Midlands Tonight | Review by Steve Bennett

Midlands Tonight

Note: This review is from 2015

Review by Steve Bennett

A little friendly local rivalry surrounds the Midlands Tonight showcase, as a battalion of new and newish comics from the West Midlands encroach on the biggest comedy festival in the East. Still, they pulled a sizeable audience to this intimate basement bar – a clear benefit of doing a free show.

Host Lucy Thompson tells us that this is the eve of her first anniversary doing stand-up. Like many newer acts, her creativity is relatively limited, although her confidence and friendliness set a very good mood. When she talks about being a marathon runner, despite not having an obvious athlete’s physique, one great line is surrounded by chit-chat; when she says she’s half-Scottish, half-Italian, it means she’s some of the stereotypes of each nationality. As host, the focus is more on her demeanour than her material, which plays to her strengths, as the material would benefit from a tighter focus on the gags.
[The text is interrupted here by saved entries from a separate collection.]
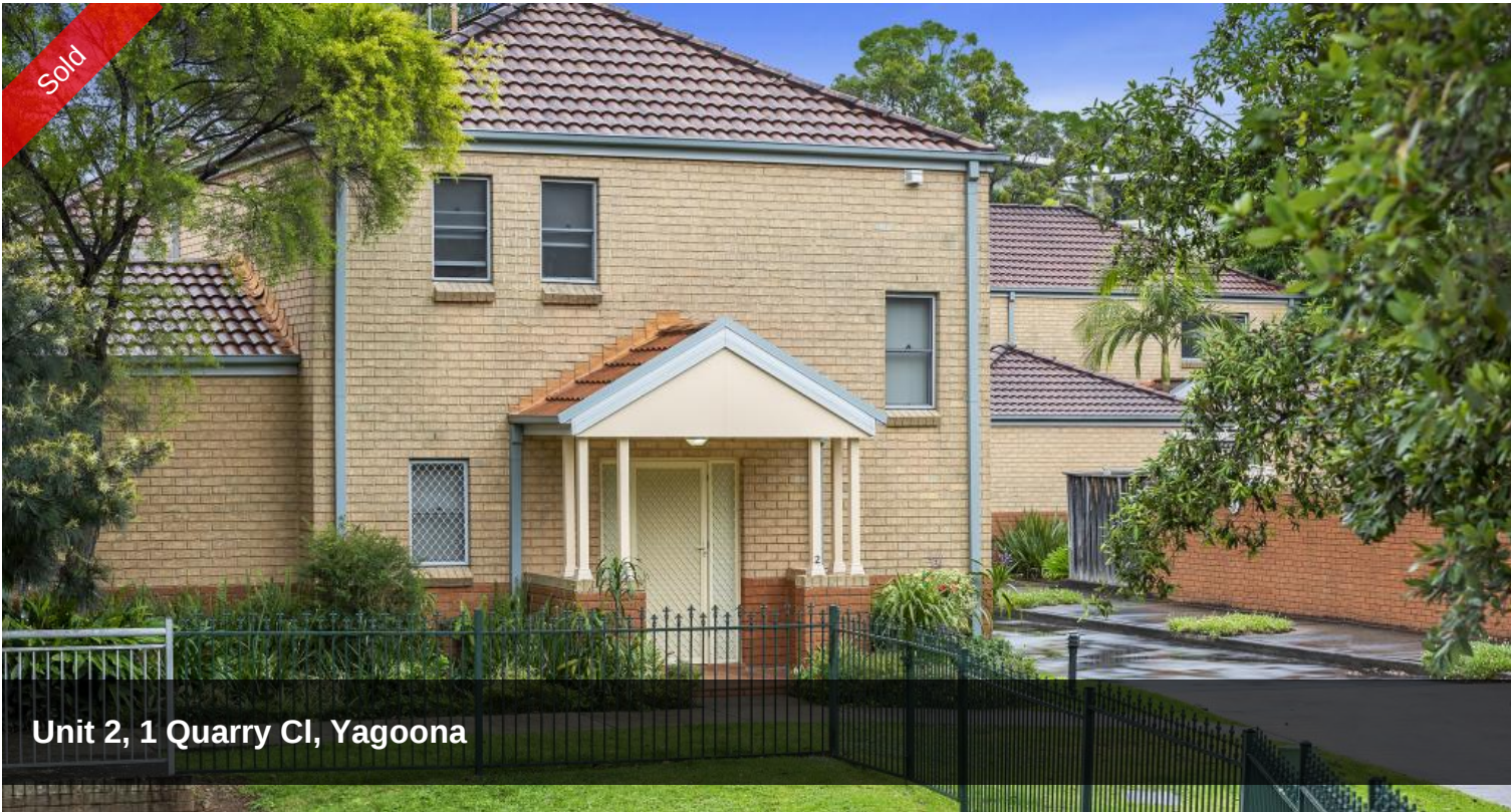
Unit 2, 1 Quarry Cl, Yagoona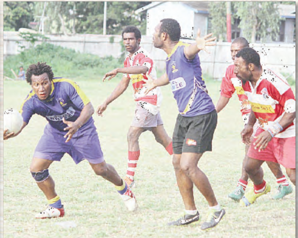
KAM ON REF: Ragbi yunien eksen pilai long Bava Pak nau ol kolim long Monian Pak.

TOKSAVE: Salim ol spots dro bilong yu kam long Feks; 325 2579, e-mel; bveo@wantok.com.pg o kam lusim long Wantok Niuspepa opis long Able Building Complex long Central Waigani, NCD.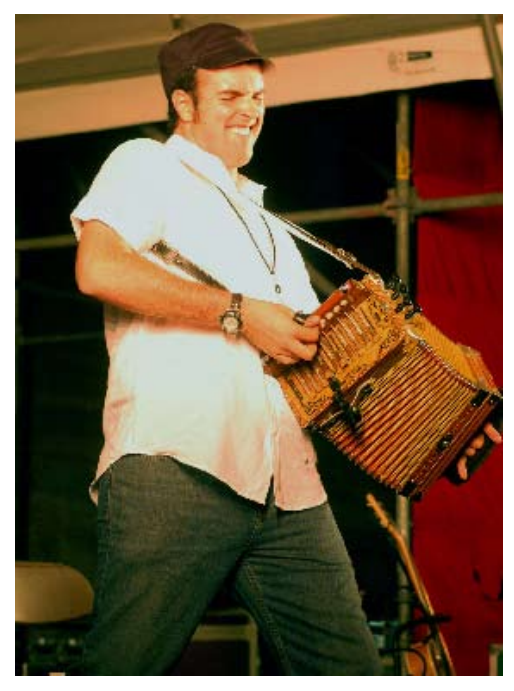
The Pine Leaf Boys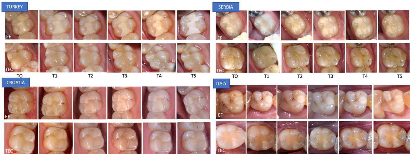
Fig. 1 Two-surface restorations performed in different countries with EQUIA Forte (EF; upper rows) and Tetric EvoCeram (TEC; lower rows) and scored as excellent during the yearly recall periods (T0 to T5)

The differences between evaluators were resolved through consensus. Each restoration was documented by photographs taken from direct, occlusal, buccal and oral directions, as well as before and after restoration and at each follow-up recall.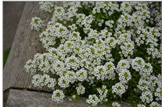
Snow Princess Alyssum flowers

This plant will require occasional maintenance and upkeep, and should not require much pruning, except when necessary, such as to remove dieback. It is a good choice for attracting bees and butterflies to your yard, but is not particularly attractive to deer who tend to leave it alone in favor of tastier treats. It has no significant negative characteristics.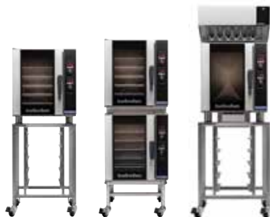
SK33 Oven Stand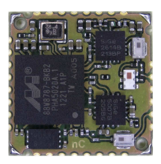
Figure 4: ELLA-W163 top view internal photo

Tom Rackham similarly didn’t seem to strike out into particularly new areas, with jokes about being so mashed he’d dance to a car alarm, giving off a gay vibe despite being straight, premature ejaculations and the awkwardness after sex. Again he has a confident, affable style and the jokes get enough laughs, but you couldn’t call him particularly distinctive among hundreds of comics with similar lives and similar material.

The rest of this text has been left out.